Le vetture protagoniste sono state una Lancia Delta Lx, che ha preso le sembianze della pluripremiata Delta Integrale, una Fiat 124 spider degli anni sessanta che ha ripreso la strada con un cuore full electric, fino a una gloriosa Fiat Panda, all a quela sono state aggiunte molteplici applicazioni, e una Mini Cooper S R53 che ha ritrovato il suo carattere grintoso grazie al motore dual mode.

Nel suo viaggio, Mario Biondi ha incontrato anche auto di lusso, come una Porsche Boxster S completamente abbandonata e in pessimo stato che è tornata on the road con un motore full electric, e una inedita bEast 400, realizzata partendo dalla sola scocca di una Ferrari 400i.

Virgilio Motori ha intervistato in esclusiva Mario Biondi per approfondire la sua passione per le auto d’epoca e la sua missione di ridare una seconda vita elettrica ai modelli più disastrati. 

Da dove nasce la tua passione per le auto?
All’origine c’è mio padre, che era un appassionato Porschista.

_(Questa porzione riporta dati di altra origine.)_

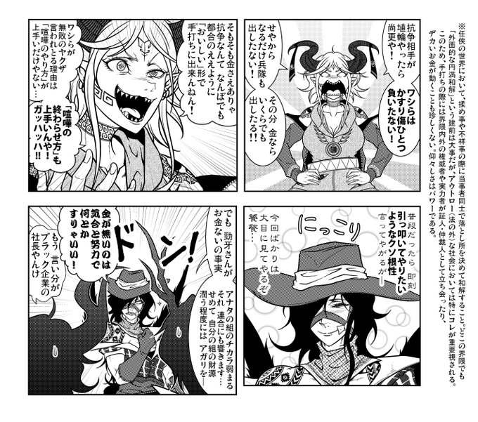 資金力がネックな驪駒組長に吉弔組長と饕餮会長がビジネスをレクチャーするわくわくシノギ漫画です 🐎🐢🐑

Si era innamorato della Volkswagen-Porsche 914 negli anni ’70: prese la prima e poi da lì cominciò a comprarle, risistemarle e rivenderle. Gli piaceva salvare le macchine e mi ha trasmesso questa missione, tanto che oggi molti dei miei amici mi chiamano “il salvatore di automobili”. Quando vedo oggetti belli, come questo Pagoda che ho davanti in questo momento e che ho trovato in condizioni disastrate, mi piace tornare a dargli la forma che avevano in origine.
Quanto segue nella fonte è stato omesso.